### Provided entries
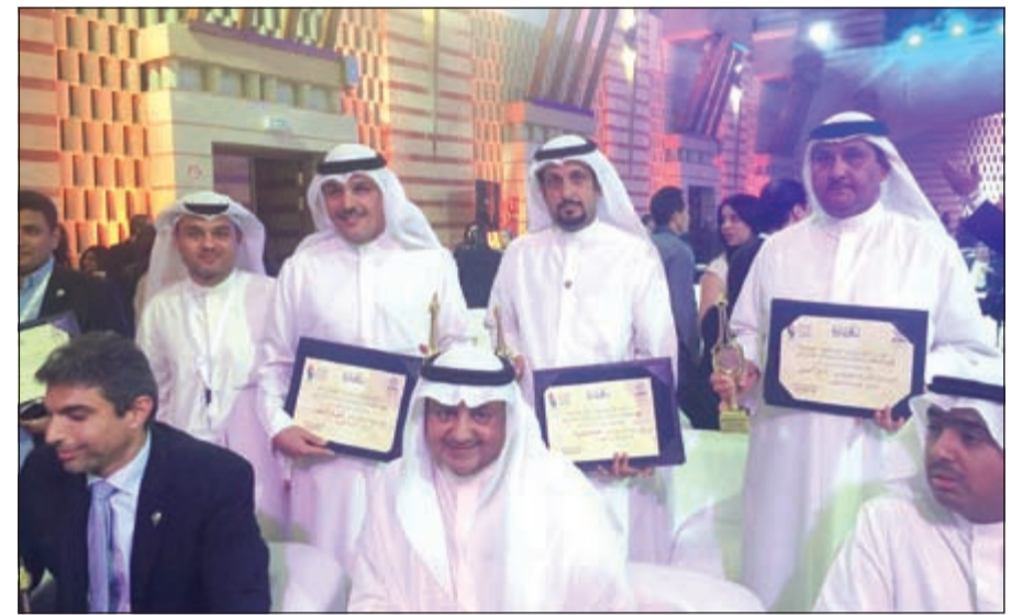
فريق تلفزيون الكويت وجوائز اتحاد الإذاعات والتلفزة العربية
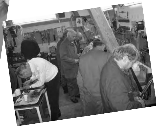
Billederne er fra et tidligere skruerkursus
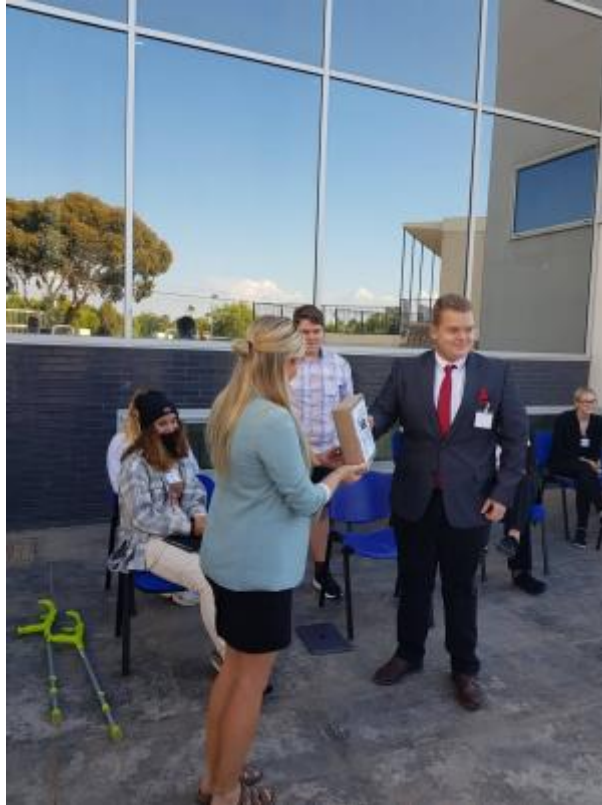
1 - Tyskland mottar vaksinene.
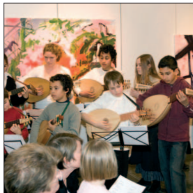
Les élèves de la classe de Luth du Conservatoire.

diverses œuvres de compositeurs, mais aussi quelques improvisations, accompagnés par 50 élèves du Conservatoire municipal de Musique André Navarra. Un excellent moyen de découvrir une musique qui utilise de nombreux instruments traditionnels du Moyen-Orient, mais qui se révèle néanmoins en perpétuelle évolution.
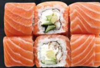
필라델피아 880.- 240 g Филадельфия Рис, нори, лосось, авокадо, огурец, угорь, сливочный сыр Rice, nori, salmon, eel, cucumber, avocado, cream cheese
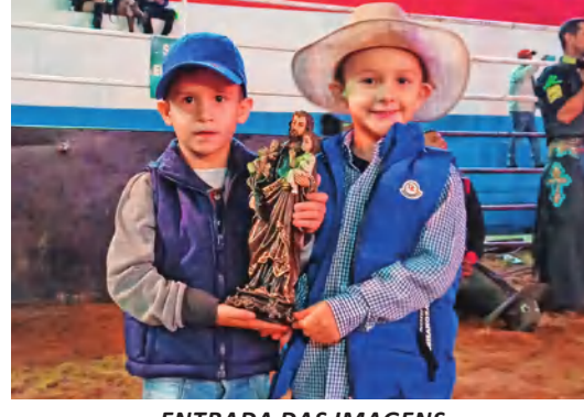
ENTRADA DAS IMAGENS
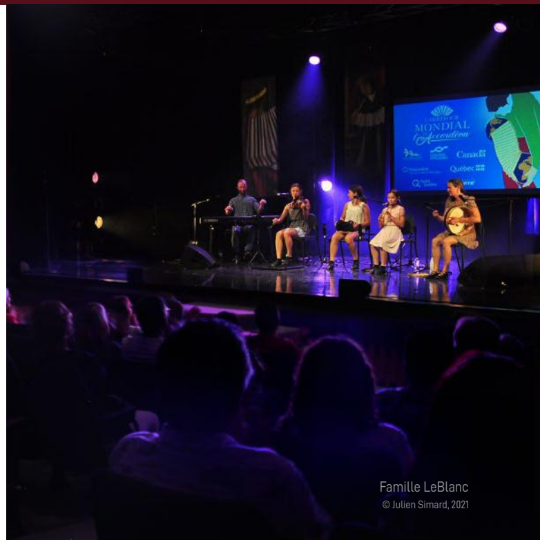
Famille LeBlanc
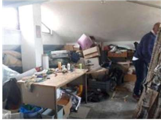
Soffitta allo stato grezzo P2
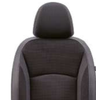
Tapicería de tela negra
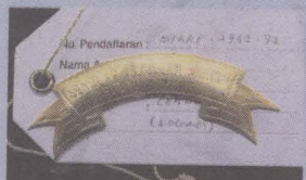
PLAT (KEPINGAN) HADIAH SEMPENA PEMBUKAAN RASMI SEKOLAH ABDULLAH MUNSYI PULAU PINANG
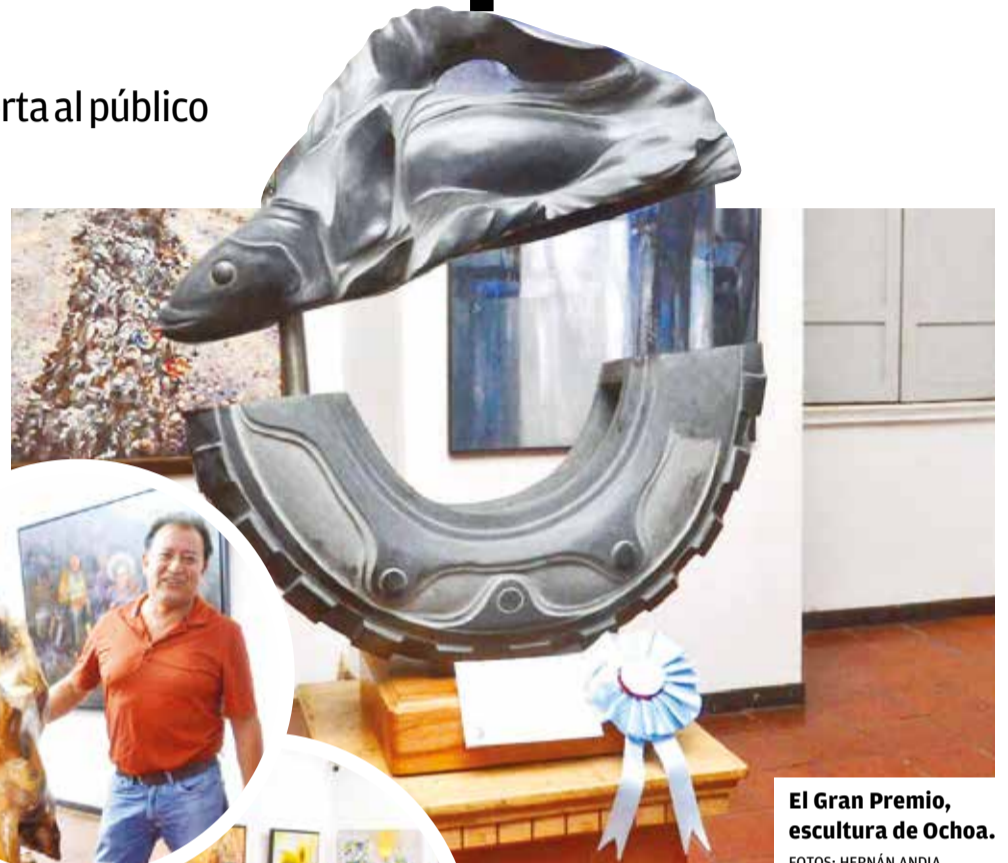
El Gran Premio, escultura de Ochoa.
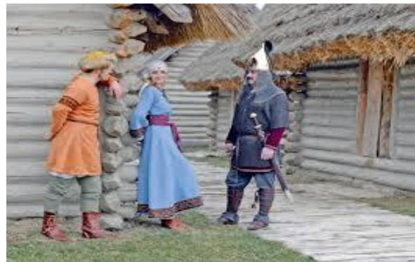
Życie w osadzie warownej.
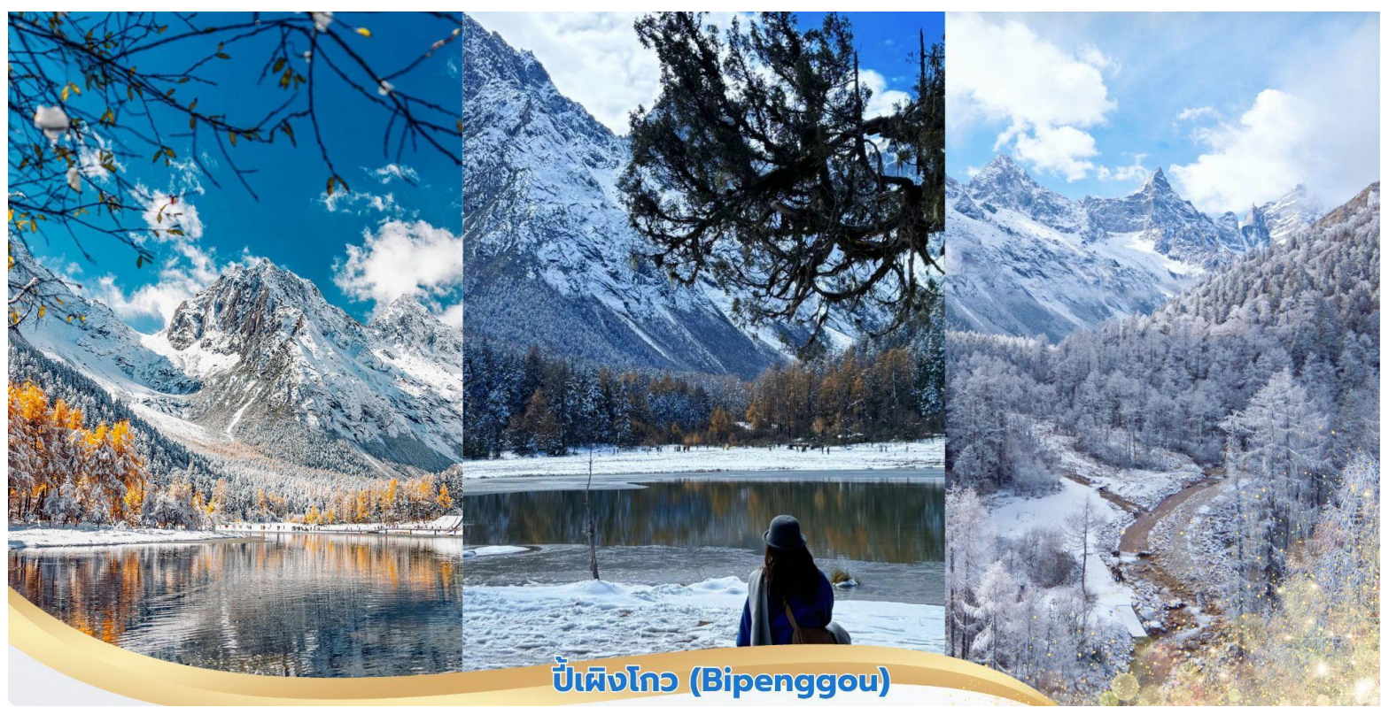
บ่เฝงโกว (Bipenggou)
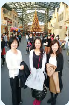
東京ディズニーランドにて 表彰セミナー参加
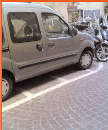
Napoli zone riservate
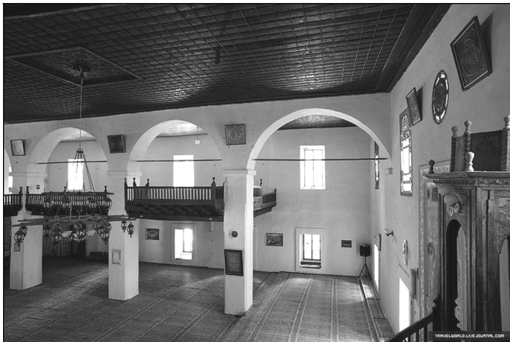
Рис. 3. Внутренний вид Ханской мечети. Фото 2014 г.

==

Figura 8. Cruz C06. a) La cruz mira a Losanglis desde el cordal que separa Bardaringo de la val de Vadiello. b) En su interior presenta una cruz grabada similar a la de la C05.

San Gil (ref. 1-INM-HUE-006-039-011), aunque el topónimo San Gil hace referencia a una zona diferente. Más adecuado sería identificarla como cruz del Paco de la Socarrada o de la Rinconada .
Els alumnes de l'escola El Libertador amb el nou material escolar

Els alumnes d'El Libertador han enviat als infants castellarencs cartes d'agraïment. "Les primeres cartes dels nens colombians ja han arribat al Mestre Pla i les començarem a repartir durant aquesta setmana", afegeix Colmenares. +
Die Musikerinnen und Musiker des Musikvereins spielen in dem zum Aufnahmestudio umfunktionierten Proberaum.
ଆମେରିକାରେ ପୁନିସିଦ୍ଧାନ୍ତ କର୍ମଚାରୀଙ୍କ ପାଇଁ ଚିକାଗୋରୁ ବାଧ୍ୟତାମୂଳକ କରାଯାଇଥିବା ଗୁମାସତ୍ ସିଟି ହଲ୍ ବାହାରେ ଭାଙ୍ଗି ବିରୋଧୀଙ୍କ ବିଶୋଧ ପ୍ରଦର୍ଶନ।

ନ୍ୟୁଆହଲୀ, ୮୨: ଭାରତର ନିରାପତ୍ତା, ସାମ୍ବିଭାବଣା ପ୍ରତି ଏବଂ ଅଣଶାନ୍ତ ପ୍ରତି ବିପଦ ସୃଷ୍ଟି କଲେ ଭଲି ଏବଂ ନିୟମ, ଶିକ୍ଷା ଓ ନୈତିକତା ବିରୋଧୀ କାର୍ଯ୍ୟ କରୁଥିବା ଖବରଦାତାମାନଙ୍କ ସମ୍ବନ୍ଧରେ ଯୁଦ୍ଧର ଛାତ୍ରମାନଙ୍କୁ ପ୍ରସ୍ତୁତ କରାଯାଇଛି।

--

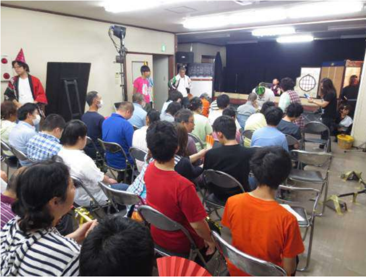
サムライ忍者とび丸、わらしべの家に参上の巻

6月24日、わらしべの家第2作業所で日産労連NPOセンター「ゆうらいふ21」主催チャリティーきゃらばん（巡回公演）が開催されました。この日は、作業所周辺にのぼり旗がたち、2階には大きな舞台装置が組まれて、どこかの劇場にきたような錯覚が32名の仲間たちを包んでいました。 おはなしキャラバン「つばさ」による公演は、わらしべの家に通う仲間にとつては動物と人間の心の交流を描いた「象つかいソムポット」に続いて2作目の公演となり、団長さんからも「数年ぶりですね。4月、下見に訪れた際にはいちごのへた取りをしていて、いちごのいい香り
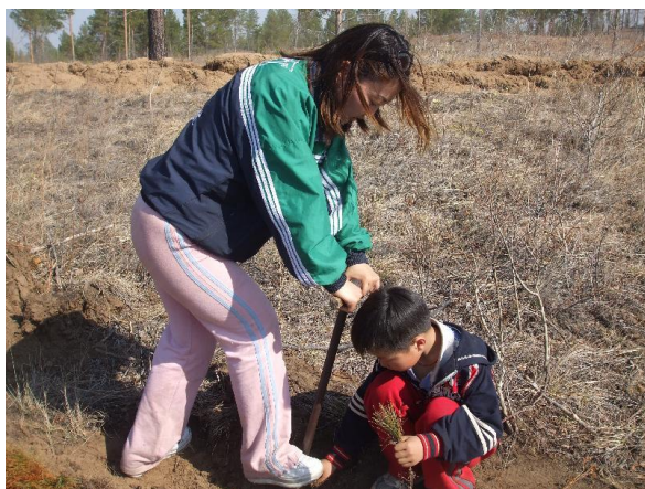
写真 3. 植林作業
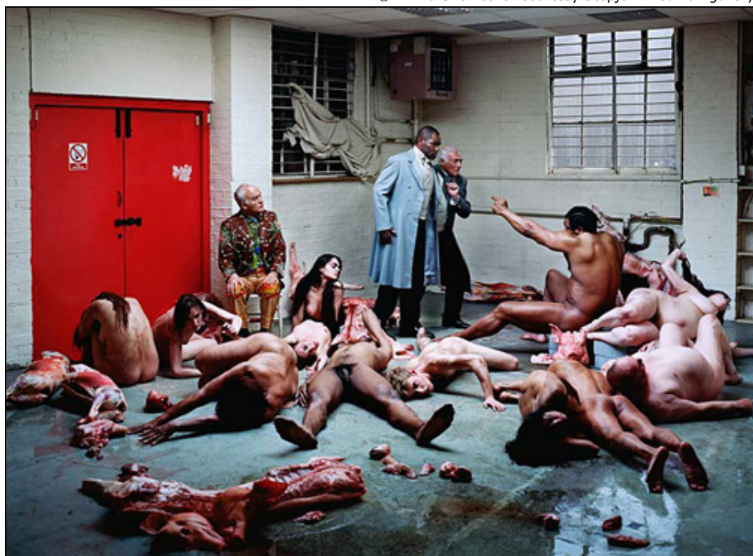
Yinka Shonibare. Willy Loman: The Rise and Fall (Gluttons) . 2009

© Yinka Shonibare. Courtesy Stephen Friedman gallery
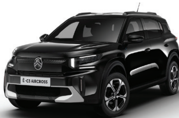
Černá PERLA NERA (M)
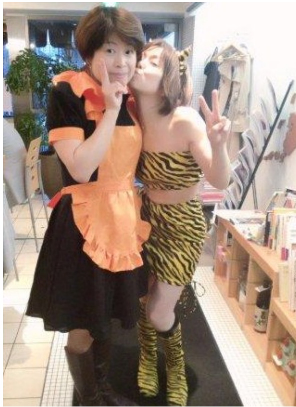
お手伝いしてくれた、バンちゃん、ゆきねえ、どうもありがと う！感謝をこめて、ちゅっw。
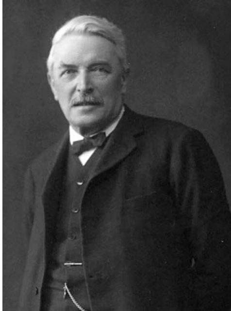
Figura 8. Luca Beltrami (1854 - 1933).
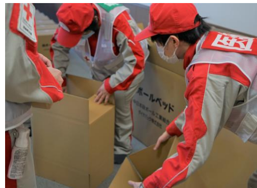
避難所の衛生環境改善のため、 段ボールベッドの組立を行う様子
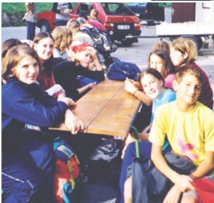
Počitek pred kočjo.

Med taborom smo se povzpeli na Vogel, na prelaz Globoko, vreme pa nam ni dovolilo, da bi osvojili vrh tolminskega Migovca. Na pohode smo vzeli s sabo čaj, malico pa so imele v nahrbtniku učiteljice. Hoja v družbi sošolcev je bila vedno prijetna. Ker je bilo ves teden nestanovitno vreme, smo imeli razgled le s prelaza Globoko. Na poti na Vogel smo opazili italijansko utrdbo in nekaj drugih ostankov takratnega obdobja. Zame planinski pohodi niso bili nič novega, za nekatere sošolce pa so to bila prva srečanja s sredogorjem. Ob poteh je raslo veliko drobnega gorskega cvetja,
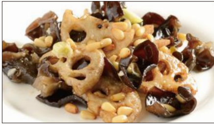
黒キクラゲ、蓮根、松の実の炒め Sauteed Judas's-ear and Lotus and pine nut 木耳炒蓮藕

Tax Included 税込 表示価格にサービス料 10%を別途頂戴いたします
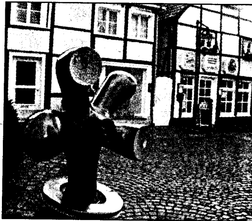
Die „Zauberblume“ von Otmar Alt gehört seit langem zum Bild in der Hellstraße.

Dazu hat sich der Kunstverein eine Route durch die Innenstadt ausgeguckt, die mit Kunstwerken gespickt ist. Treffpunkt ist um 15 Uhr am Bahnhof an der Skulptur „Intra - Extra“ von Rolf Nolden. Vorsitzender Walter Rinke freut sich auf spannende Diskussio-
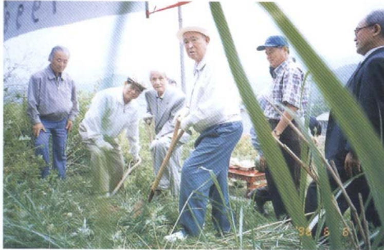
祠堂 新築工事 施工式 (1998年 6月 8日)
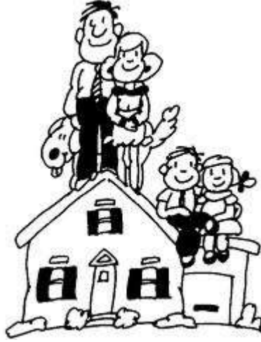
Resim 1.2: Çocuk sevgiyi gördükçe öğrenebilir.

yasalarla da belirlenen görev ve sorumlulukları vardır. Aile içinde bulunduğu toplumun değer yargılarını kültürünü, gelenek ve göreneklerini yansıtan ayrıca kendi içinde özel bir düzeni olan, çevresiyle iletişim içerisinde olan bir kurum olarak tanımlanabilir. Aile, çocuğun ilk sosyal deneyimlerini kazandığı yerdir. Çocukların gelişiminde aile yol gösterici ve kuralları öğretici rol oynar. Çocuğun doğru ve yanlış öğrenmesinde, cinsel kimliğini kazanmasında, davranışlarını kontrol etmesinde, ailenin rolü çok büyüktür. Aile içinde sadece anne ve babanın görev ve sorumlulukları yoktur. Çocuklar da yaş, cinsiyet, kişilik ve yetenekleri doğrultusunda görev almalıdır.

### About this task
From the data above, output exactly the lines between the one containing "Die Musikerinnen und" and the one containing "ଆମେରିକାରେ ପୁନିସିଦ୍ଧାନ୍ତ କର୍ମଚାରୀଙ୍କ", counting both of them.

### Response
Die Musikerinnen und Musiker des Musikvereins spielen in dem zum Aufnahmestudio umfunktionierten Proberaum.
ଆମେରିକାରେ ପୁନିସିଦ୍ଧାନ୍ତ କର୍ମଚାରୀଙ୍କ ପାଇଁ ଚିକାଗୋରୁ ବାଧ୍ୟତାମୂଳକ କରାଯାଇଥିବା ଗୁମାସତ୍ ସିଟି ହଲ୍ ବାହାରେ ଭାଙ୍ଗି ବିରୋଧୀଙ୍କ ବିଶୋଧ ପ୍ରଦର୍ଶନ।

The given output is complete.